Globally align a pair of seqs or alignments with Needleman-Wunsch.

Parameters:
seq1GrammaredSequence or TabularMSA

The first unaligned sequence(s).

seq2GrammaredSequence or TabularMSA

The second unaligned sequence(s).

gap_open_penaltyint or float

Penalty for opening a gap (this is substracted from previous best alignment score, so is typically positive).

gap_extend_penaltyint or float

Penalty for extending a gap (this is substracted from previous best alignment score, so is typically positive).

substitution_matrix: 2D dict (or similar)

Lookup for substitution scores (these values are added to the previous best alignment score).

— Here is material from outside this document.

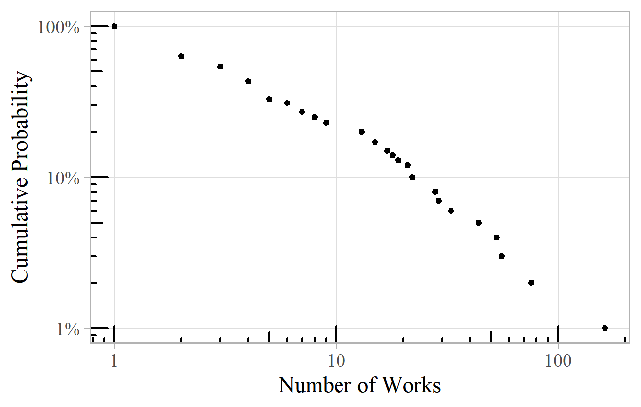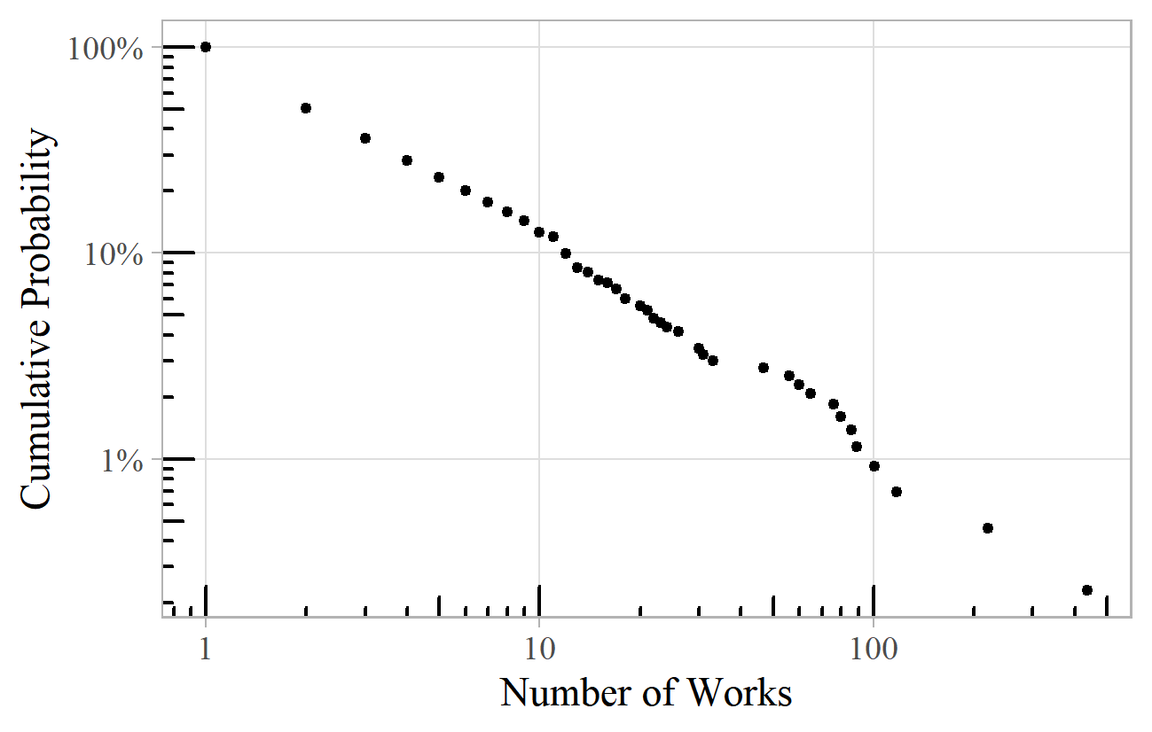 Figure 8 shows the number of works per composer from a sample from Franz Pazdírek's (1904-1910) Handbook of Musical Literature cataloguing all printed music available, worldwide, in the early years of the twentieth century. The exponent is 1.8.
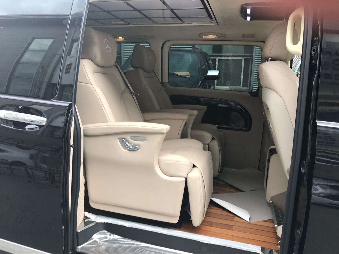 2018款奔驰商务车进口V级前后舱无隔断,电动侧滑门,闭合声音清脆,还可通过中控台按键多种方式自由操控,奔驰进口V级豪华商务房车为您度身定制VIP专属步入感。乘客舱前排首长级多功能按摩座椅带脚托,设计了滑轨,可自由电动移动和收缩,适应多种身高、体型的乘客,多种坐姿任君挑选,将舒适惬意延伸到车内每个角落。娱乐影音配备齐全,吸顶高清液晶电视,需要时可以往下翻,按钮一按,最新热点、时尚资讯随时掌握。

penalize_terminal_gaps: bool, optional

If True, will continue to penalize gaps even after one sequence has been aligned through its end. This behavior is true Needleman-Wunsch alignment, but results in (biologically irrelevant) artifacts when the sequences being aligned are of different length. This is False by default, which is very likely to be the behavior you want in all or nearly all cases.

Returns:
tuple

TabularMSA object containing the aligned sequences, alignment score (float), and start/end positions of each input sequence (iterable of two-item tuples). Note that start/end positions are indexes into the unaligned sequences.

Notes

This algorithm (in a slightly more basic form) was originally described in [1]. The scikit-bio implementation was validated against the EMBOSS needle web server [2].

This function can be use to align either a pair of sequences, a pair of alignments, or a sequence and an alignment.

References

[1]

A general method applicable to the search for similarities in the amino acid sequence of two proteins. Needleman SB, Wunsch CD. J Mol Biol. 1970 Mar;48(3):443-53.